START Supplied records
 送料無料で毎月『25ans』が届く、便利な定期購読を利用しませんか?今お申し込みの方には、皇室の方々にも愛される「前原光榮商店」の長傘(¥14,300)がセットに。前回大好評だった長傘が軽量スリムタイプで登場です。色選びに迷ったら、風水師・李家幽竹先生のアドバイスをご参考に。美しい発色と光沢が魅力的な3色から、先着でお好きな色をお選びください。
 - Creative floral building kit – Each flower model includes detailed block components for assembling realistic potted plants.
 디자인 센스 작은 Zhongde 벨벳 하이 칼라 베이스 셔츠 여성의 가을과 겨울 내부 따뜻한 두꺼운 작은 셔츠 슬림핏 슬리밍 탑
END Supplied records
START Supplied records
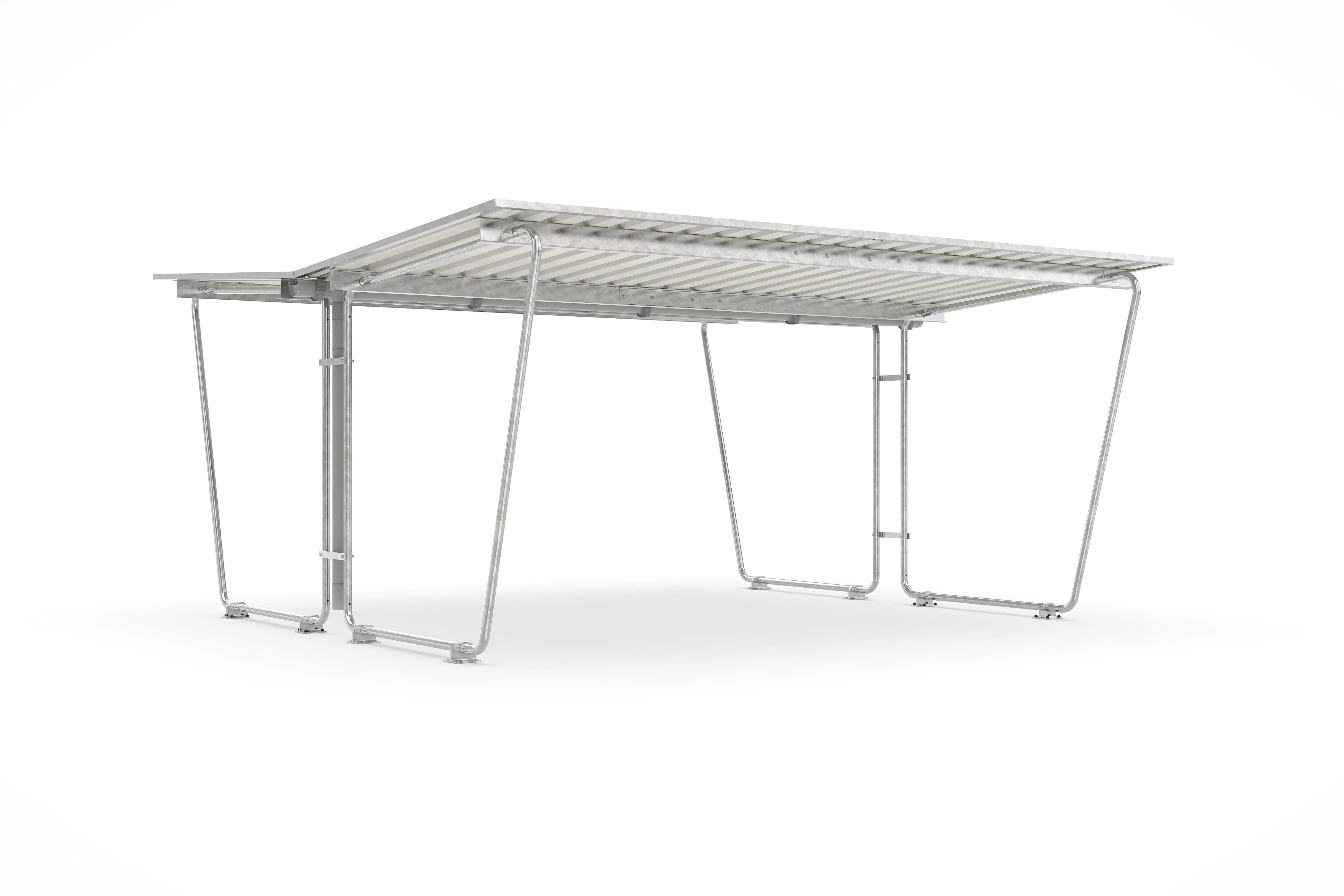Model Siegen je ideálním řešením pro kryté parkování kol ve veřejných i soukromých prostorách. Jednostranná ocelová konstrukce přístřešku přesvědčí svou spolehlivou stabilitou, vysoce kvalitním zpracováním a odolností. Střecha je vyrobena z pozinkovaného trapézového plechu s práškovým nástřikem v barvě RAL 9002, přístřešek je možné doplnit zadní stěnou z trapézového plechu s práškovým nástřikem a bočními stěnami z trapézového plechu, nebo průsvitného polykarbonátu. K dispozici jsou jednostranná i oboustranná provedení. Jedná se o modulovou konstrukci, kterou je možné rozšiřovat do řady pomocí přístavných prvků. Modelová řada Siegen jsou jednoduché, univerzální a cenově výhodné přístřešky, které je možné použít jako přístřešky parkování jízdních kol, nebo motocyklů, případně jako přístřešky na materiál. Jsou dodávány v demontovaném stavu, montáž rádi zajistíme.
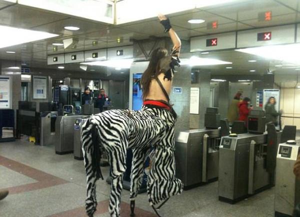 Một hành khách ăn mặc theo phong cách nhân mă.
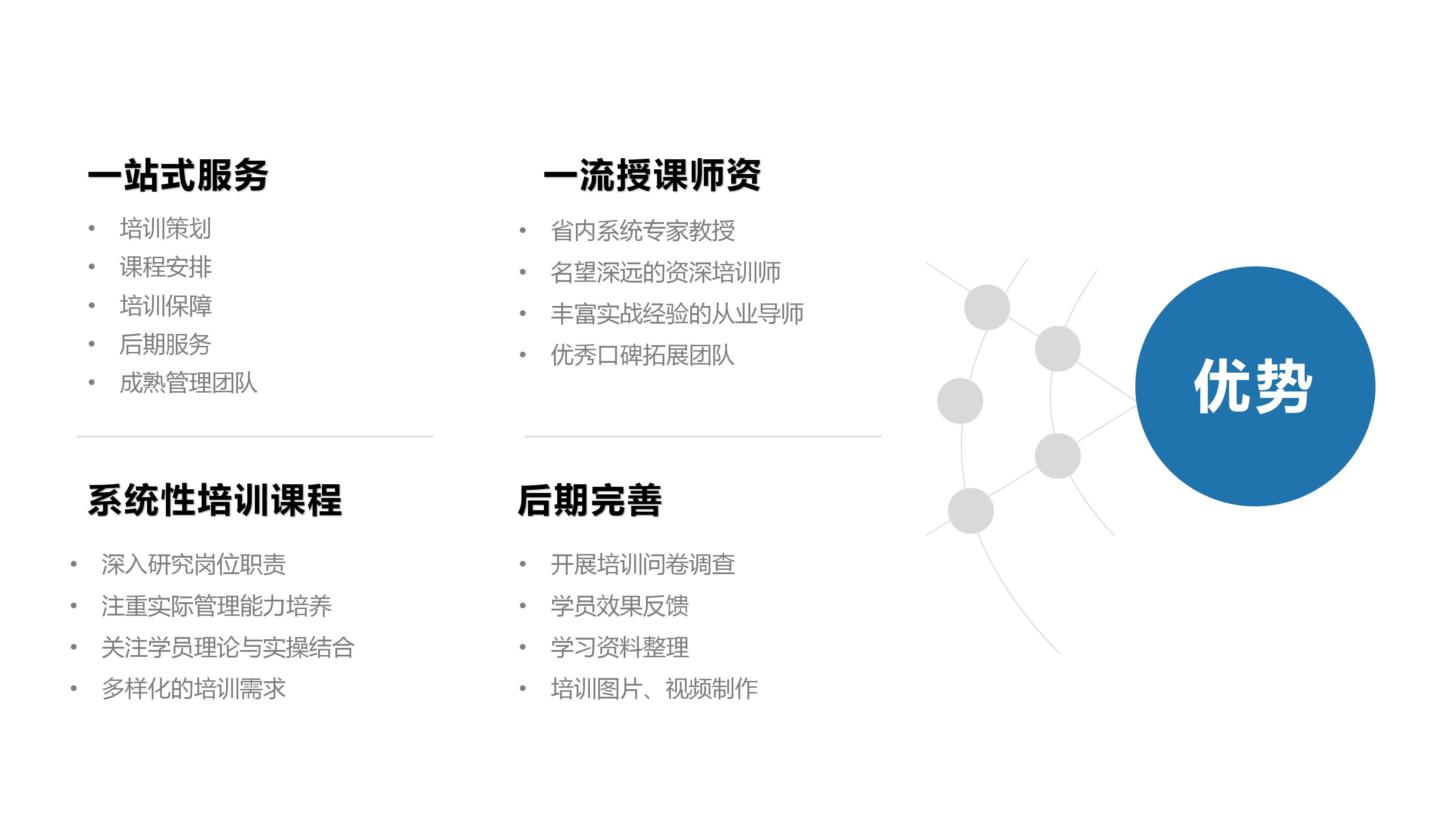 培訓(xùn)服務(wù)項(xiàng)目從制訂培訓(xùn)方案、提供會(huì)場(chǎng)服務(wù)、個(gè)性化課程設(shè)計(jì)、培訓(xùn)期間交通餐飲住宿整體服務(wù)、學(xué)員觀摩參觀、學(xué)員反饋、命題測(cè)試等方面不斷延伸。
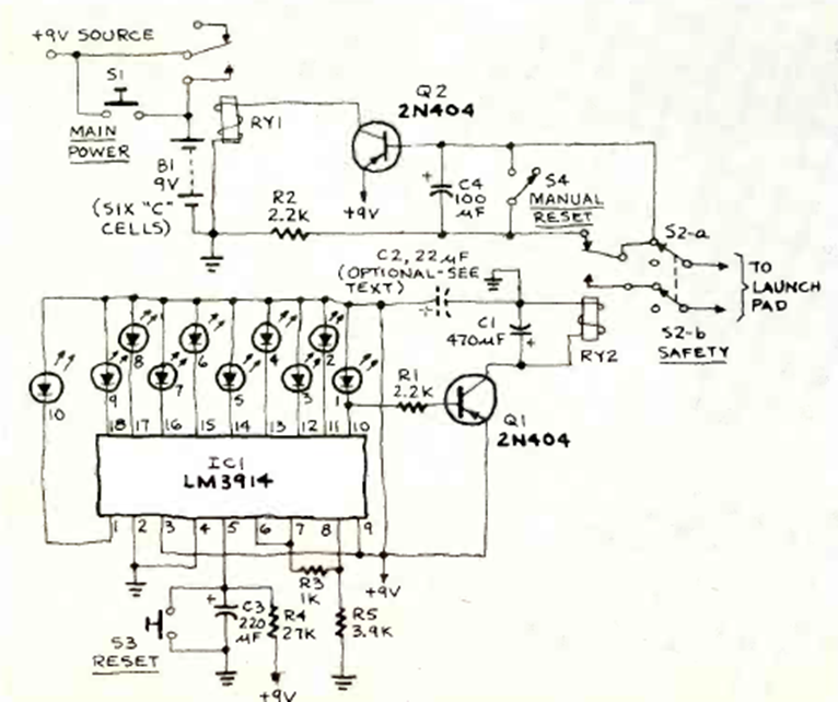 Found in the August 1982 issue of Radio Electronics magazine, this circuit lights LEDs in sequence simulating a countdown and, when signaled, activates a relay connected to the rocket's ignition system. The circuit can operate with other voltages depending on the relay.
END Supplied records
START Supplied records
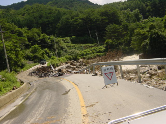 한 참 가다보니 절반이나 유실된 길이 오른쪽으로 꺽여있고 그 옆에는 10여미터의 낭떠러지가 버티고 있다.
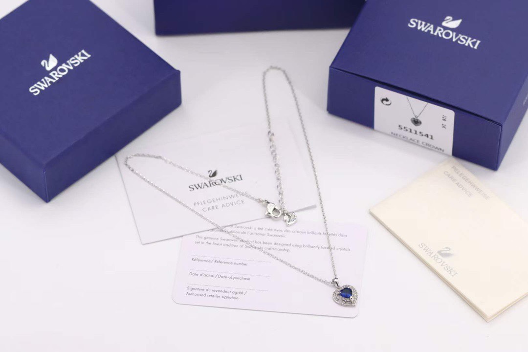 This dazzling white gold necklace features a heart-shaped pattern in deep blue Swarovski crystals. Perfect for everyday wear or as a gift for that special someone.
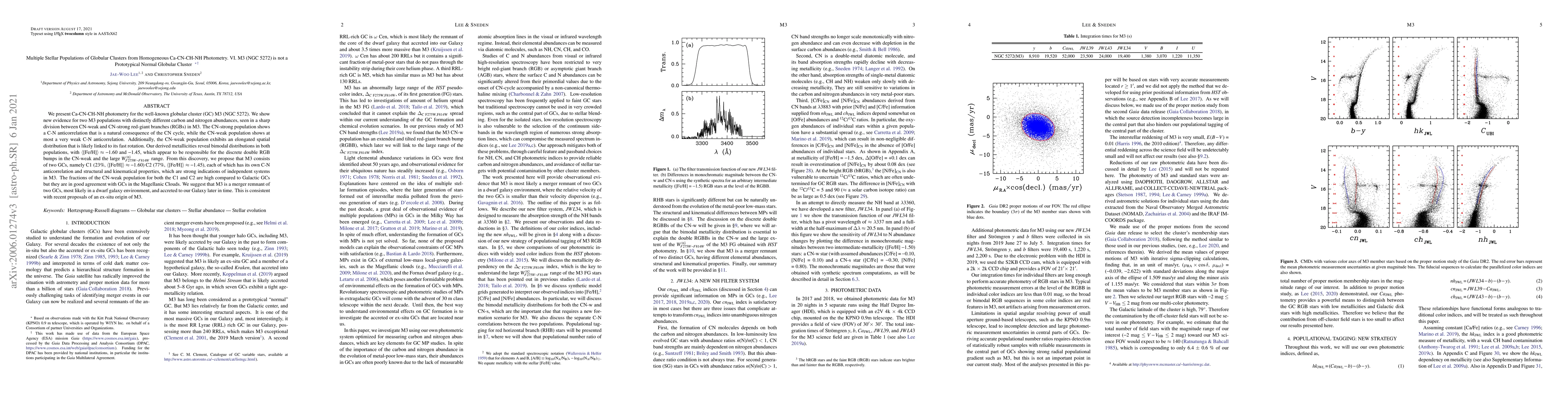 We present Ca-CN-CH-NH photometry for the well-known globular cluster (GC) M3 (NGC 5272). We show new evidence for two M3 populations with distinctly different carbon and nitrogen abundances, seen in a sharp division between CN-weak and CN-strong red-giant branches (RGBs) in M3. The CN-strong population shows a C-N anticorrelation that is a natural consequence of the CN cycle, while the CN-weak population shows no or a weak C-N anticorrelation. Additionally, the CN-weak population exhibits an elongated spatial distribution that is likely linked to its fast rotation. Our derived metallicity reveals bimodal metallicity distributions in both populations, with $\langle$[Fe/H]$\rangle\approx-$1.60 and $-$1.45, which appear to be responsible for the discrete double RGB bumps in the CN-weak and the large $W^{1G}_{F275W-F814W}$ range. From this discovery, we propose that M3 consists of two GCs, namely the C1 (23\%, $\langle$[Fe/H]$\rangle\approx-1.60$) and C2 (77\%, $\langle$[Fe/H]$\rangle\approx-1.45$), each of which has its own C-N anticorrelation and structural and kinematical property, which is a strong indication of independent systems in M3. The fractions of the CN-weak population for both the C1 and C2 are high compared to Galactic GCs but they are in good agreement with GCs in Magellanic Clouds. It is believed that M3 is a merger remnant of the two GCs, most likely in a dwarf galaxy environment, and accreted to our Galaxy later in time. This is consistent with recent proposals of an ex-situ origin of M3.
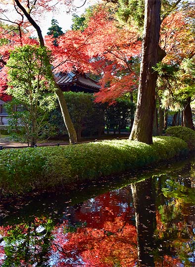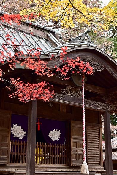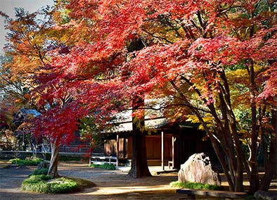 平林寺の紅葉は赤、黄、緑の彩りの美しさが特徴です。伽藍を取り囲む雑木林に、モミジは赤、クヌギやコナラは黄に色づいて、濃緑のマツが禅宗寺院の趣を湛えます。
END Supplied records
* _What is needed_:
Output exactly, and only, the lines of the entries above from the one with "培訓(xùn)服務(wù)項" up to and including the one with "Found in the"; pictures are to be left out.

* _Reply_:
 培訓(xùn)服務(wù)項(xiàng)目從制訂培訓(xùn)方案、提供會(huì)場(chǎng)服務(wù)、個(gè)性化課程設(shè)計(jì)、培訓(xùn)期間交通餐飲住宿整體服務(wù)、學(xué)員觀摩參觀、學(xué)員反饋、命題測(cè)試等方面不斷延伸。
 Found in the August 1982 issue of Radio Electronics magazine, this circuit lights LEDs in sequence simulating a countdown and, when signaled, activates a relay connected to the rocket's ignition system. The circuit can operate with other voltages depending on the relay.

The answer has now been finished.